Re: [Exim] Performance bottleneck scanning large spools.

Top Page
Delete this message
Reply to this message
Author: Gary Palmer
Date:  
To: Kai Henningsen
CC: exim-users
Subject: Re: [Exim] Performance bottleneck scanning large spools.
Kai Henningsen wrote in message ID
<7WVPiKVmw-B@???>:
> scot@??? (Scot Elliott) wrote on 31.12.99 in <Pine.GSO.4.10.9912311
> 413500.22258-100000@liam>:


> > FreeBSD has a soft-updates feature that would speed such a system up - I
> > don't know linux very well but if it has a similar feature you might want
> > to consider using it. We're intending trying this so stop deliveries that
> > can happen immediately from never hitting the disk.

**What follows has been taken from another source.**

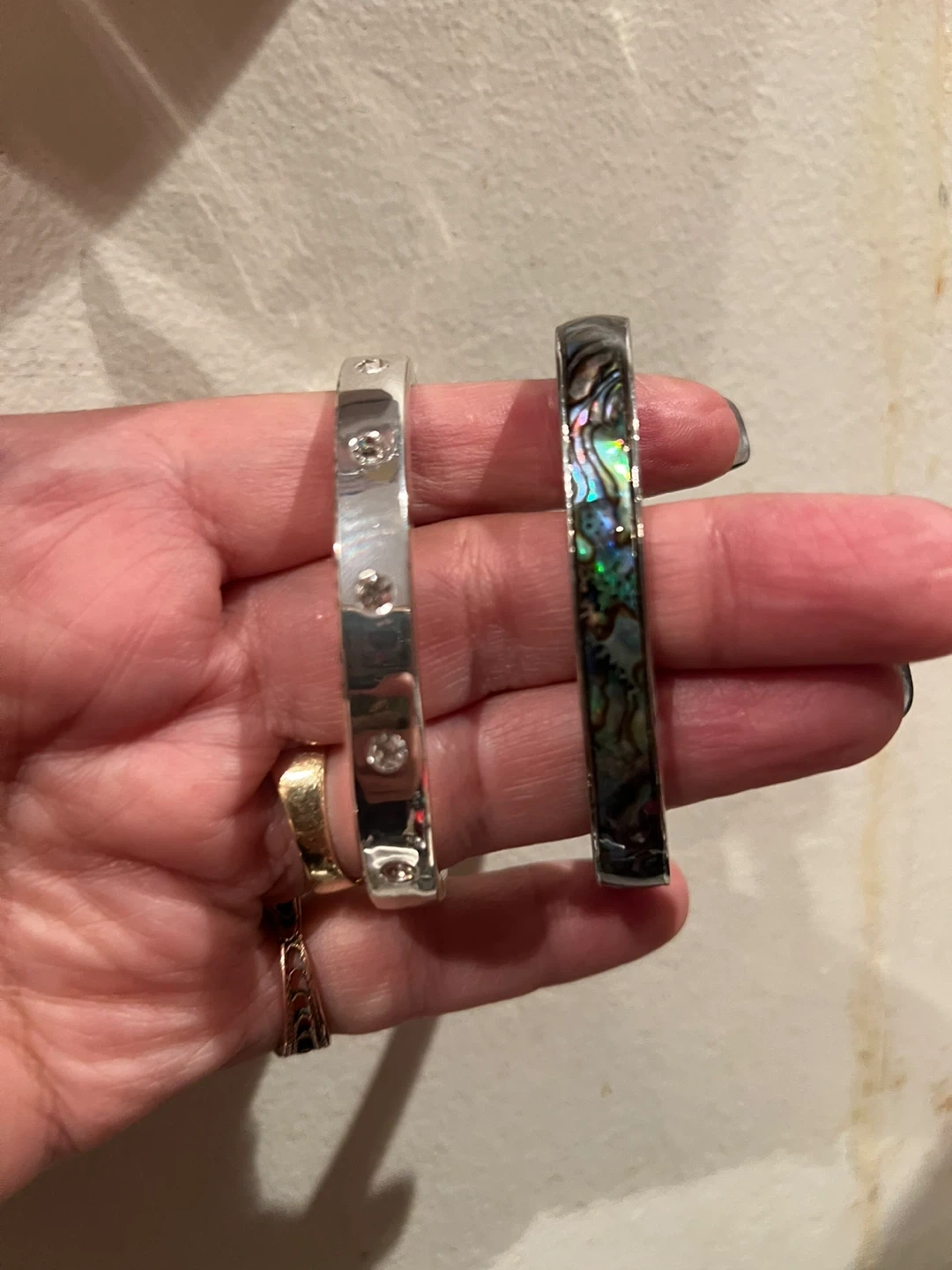 Two stylish bracelets. One is silver-tone with small clear gems. The other features a beautiful abalone inlay with iridescent colours. They're great for adding a touch of flair to any outfit! $15 each or both for $25

SoftUpdates is only useful when you are writing to the disk. While
there is no doubt that it could help overall, the original complaint
was about the need to rescan the entire queue for every queue runner
you start. Invoking the dreaded `s' word (sendmail), it has the
MaxQueueRunSize option for a reason, and that is if you have a queue
explosion, then all you really want to do is start getting mail out
the door and reduce the queue size, and the best way of doing that is
by running a queue runner every minute or so with only a few hundred
messages (a thousand or two max) to deliver to remote recipients.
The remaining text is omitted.